"Time for Miracles" is a power ballad by Adam Lambert. It was released on October 16, 2009, via Amazon.com. Although the song was his first release since American Idol, it was not his official debut single, which was the title track to his debut studio album, For Your Entertainment. The song is featured as the ending theme in the 2009 disaster film 2012 and is included on the film's soundtrack. A full version of the song was released on October 17, 2009, via YouTube and on October 20, 2009, via digital download.
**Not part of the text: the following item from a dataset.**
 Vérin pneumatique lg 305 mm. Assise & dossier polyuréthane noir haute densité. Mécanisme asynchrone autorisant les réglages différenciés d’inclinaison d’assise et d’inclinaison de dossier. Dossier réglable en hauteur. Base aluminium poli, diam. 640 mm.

The song was written by Alain Johannes and his partner Natasha Shneider, who were known for contributing to several Queens of the Stone Age albums. Shneider died of cancer in 2008.

Reception
Before "Time for Miracles" was released to the public, it had already garnered positive reviews.

Brian May of Queen was able to listen to the full track and praised the song as "truly sensational" and complimented Lambert's vocals, stating, "Adam's voice reaches out with sensitivity, depth, maturity, and awesome range and power that will make jaws drop all around the world."
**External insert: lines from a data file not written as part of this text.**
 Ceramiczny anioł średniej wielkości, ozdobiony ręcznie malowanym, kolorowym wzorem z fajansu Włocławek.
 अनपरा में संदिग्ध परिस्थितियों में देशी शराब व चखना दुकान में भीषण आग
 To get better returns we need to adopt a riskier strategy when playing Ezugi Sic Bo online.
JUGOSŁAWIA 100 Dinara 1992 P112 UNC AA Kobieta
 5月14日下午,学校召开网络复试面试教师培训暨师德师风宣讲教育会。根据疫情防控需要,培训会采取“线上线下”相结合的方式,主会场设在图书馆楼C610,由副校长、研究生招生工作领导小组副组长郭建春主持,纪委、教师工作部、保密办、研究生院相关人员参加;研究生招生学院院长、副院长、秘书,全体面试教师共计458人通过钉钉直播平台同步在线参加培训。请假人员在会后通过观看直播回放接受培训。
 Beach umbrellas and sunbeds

Having heard only the preview of the track, Entertainment Weekly'''s Michael Slezak stated that the song "sounds like it has the potential to be a power-ballad smash".

Music video
The official music video was released on October 21, 2009, through Myspace. The video portrays Lambert walking placidly through a disaster scene, like those portrayed in 2012''. Footage from the film and the clips of Adam singing are edited together.

Another music video, popularized on YouTube does not show Lambert at all, but rather a disaster sequence showing the lead characters of the film attempting to escape the destruction of Los Angeles, California.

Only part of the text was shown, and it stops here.